There is no better way to personally capture the spirit of the American West than enjoying and collecting Western art.

Assiniboine Hunting Buffalo by Paul Kane
Western art is a storyteller’s art. It weaves a tale of strong men and women braving a new and sometimes savage frontier. It is a tale filled with striking vistas, vast and wide, as deep as the prairie and as tall as the sky. Western art is a story peopled by ruggedly beautiful individuals - grizzled cowboys, noble Native Americans, hardy settlers, colorful gamblers, determined railroaders, devout missionaries, and dangerous outlaws.

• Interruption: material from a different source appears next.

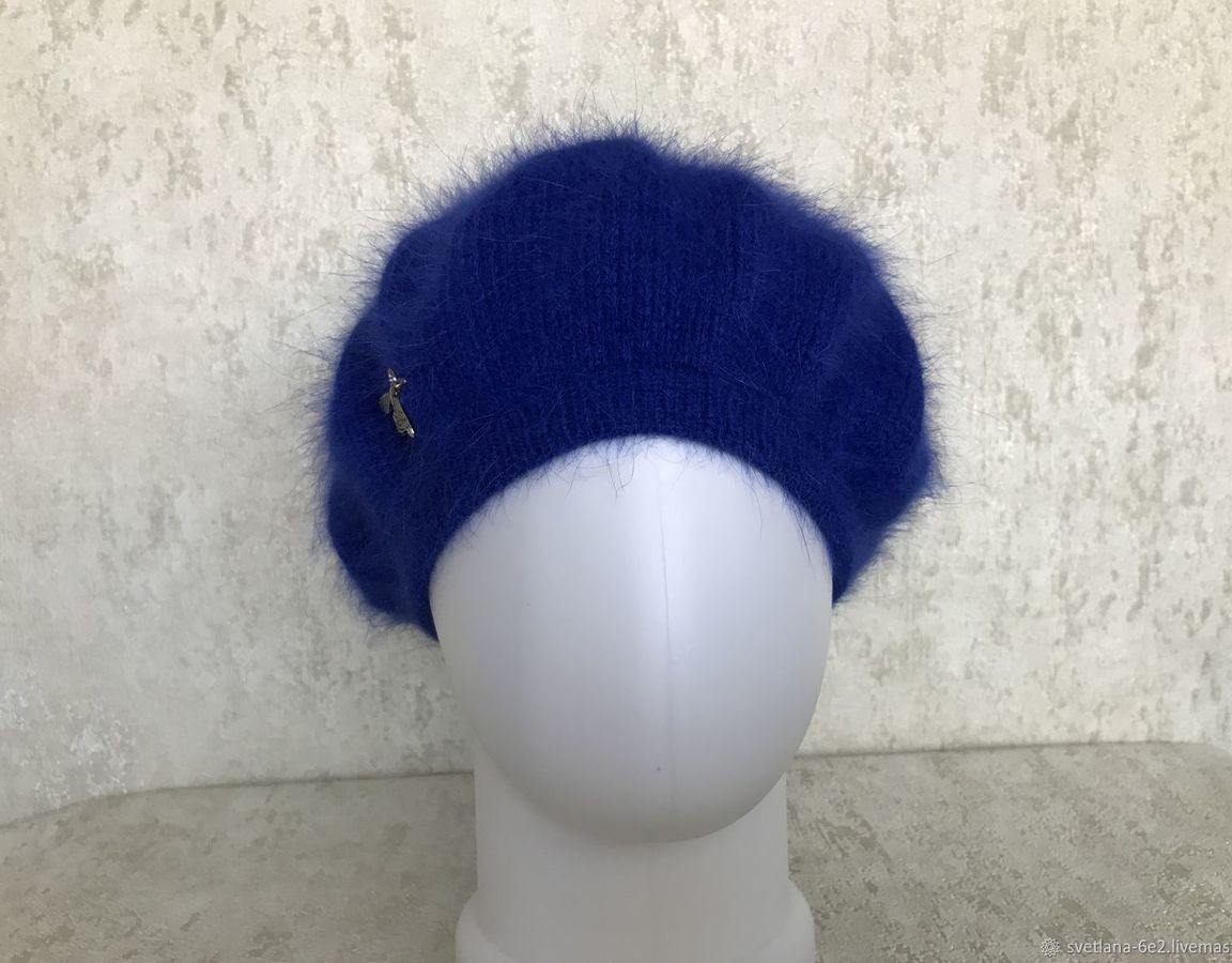 берет для девочки, берет спицами, вязаный берет, женский берет, пушистый берет, классический берет, берет с брошью, синий берет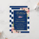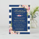 Elegant Floral Navy Blue Stripes Birthday Party Invitation

The story of Western art is their story, and their struggle, against an unyielding world of hot sun, heavy rains, vast distances, and even each other. It is often a lonely battle – the solitary cowboy, the quiet Native American and his trusty Palomino, the single gunfighter with the sun at his back, walking down an empty street to meet his fate.
Western art encompasses many genres – the Western landscape, cowboy art, Native American art, and equestrian or horse art, to name a few. All are characterized by the story they tell, and the greater the artist and the greater the individual painting or sculpture, the more they capture the spirit of the West.
I first fell in love with Western art when I saw my first painting by Frederic Remington in a coffee table book at my grandmother’s small house in rural Oregon. The painting was “Aiding a Comrade”, and depicted a cowboy fallen from his horse at full gallop, and his two companions desperately trying to help him. I was struck by the sheer physicality of the action it conveyed – I could almost hear the horses neighing wildly, the thundering of hooves, the panicked cry for help. Even more, I wanted to know who these three riders were, and why they were being pursued, and whether or not they survived the chase.
This is the magic of Western art – the way their story becomes yours. How each brief moment captured in a painting or a sculpture begins your own very personal journey into the great romance of the West that was.